The ARRA became effective February 17, 2009, and, technically, COBRA provisions must be immediately revised to reflect the subsidy. However, the ARRA contains a grace period of two full COBRA billing periods subsequent to the Act's effective date within which to commence the subsidy, provided appropriate premium credits (or refunds) are provided in subsequent periods.

Impact on Employers

While the reimbursement of the subsidy appears to make these provisions cost-neutral to the employer, it, in fact, does not. In general, COBRA beneficiaries have significantly worse experience than active employees as a group – primarily because of the cost of COBRA coverage, but also because former employees with high medical expenses may be less likely to obtain other coverage as quickly as healthier (often younger) former employees. While the subsidized coverage may be more attractive to those former employees with less expectation of high medical expenses, the fact remains that laid-off employees have limited resources and purchasing medical care may be of lower priority to those with less claims experience, even at subsidized rates.

In addition, the retroactive election period (of at least 60 days) afforded to those who were laid off on or after September 1, 2008, and who did not originally elect COBRA, is likely to lead to elections of coverage by those who did not expect high medical bills when they were laid off but who have developed serious medical conditions in the interim. Thus, we expect that the pattern of higher-than-average COBRA experience will continue.

What Should Employers Do Now to Comply with the COBRA provisions?
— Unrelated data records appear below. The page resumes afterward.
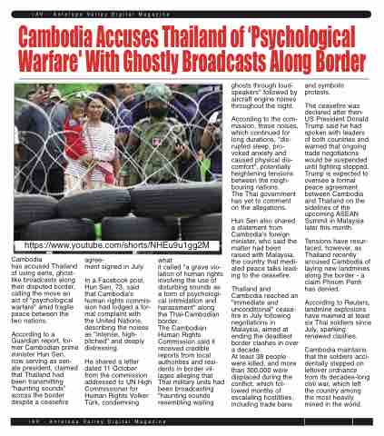 According to a Guardian report, for- mer Cambodian prime minister Hun Sen, now serving as sen- ate president, claimed that Thailand had been transmitting "haunting sounds" across the border despite a ceasefire
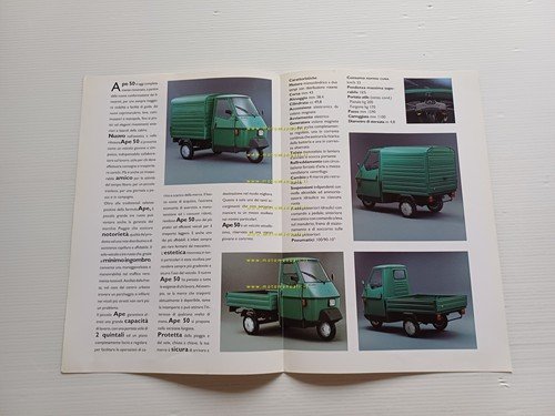 Piaggio Ape 50 anni 90 depliant italiano originale motocarro
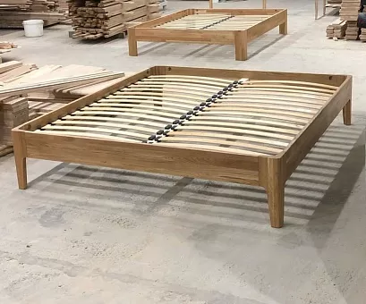 Данная кровать изготовлена полностью из массива дуба. 100% дерево во всех деталях. Это максимальная экологичность и безопасность вас и ваших близких при использовании. Мебель из массива дуба этой фабрики это залог здоровья и идеального сна. Кровать без головной спинки и массивными ножками прекрасно дополняет дизайн изделия. покрытие натуральным маслом. В основании расположены ортопедические ламели, оказывающие амортизирующую поддержку матрасу, что увеличивает срок его службы. Цветовое исполнение: масло Saicos или OSMO (натуральный, отбеленный, венге). Так же есть возможность выбрать три варианта исполнения сращенный дуб/дуб цельноламельный/дикий дуб. Все различия приведены картинках а так же вы можете уточнить информацию у наших менеджеров.
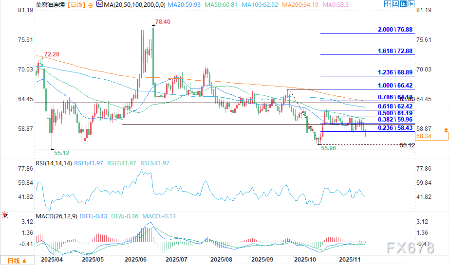 汇通财经APP讯——周五(11月21日)欧洲时段,看空情绪主导市场,注意力转向下一主要下行目标:10月20日形成的55.96美元主要底部,以及5月5日的55.30美元主要底部。
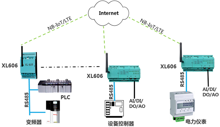 選擇XL60主機模塊,加I/O模塊,采集環保設備的運行信號;通過RS485/Ethernet接口,從機器控制器、PLC讀取設備運行數據;通過NB/4G上傳數據到平臺,4G網絡信號更穩定;
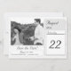 A data do seu casamento será lembrada com esta design! Design apresenta um plano de fundo maravilhoso da imagem de um local branco. A foto que você fornece é apresentada como design principal e aparecerá em preto e branco. A data do seu casamento é exibida como em um calendário em texto grande. O reverso apresenta a mesma aparência de local branco que o plano de fundo. design de excelente para o tema clássico da noiva "Old Money". Projetado para coordenar com a Vintage White Lace Católica Wedding Suite.
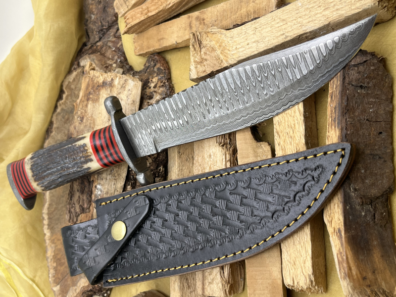 - Typ: Bowie-Messer aus echtem, mehrlagigem Damaststahl (über 200 Lagen)

Employers should take steps to ensure timely compliance with the provisions of the ARRA. First, individuals should be identified who are eligible for the subsidy (i.e., those who were involuntarily terminated beginning September 1, 2008). Second, if an employer maintains another same-cost or lower-cost plan, the employer should determine if it will offer eligible individuals the choice of that plan (or plans) or the coverage normally made available to COBRA-eligible individuals. Third, the employer must also decide how affected individuals will be notified of this new law, particularly whether a notice will be provided imminently or whether the employer will wait to provide the notice after the DOL issues a "model notice." Finally, the employer's payroll processes must be reviewed and changed to meet the requirements of the new law.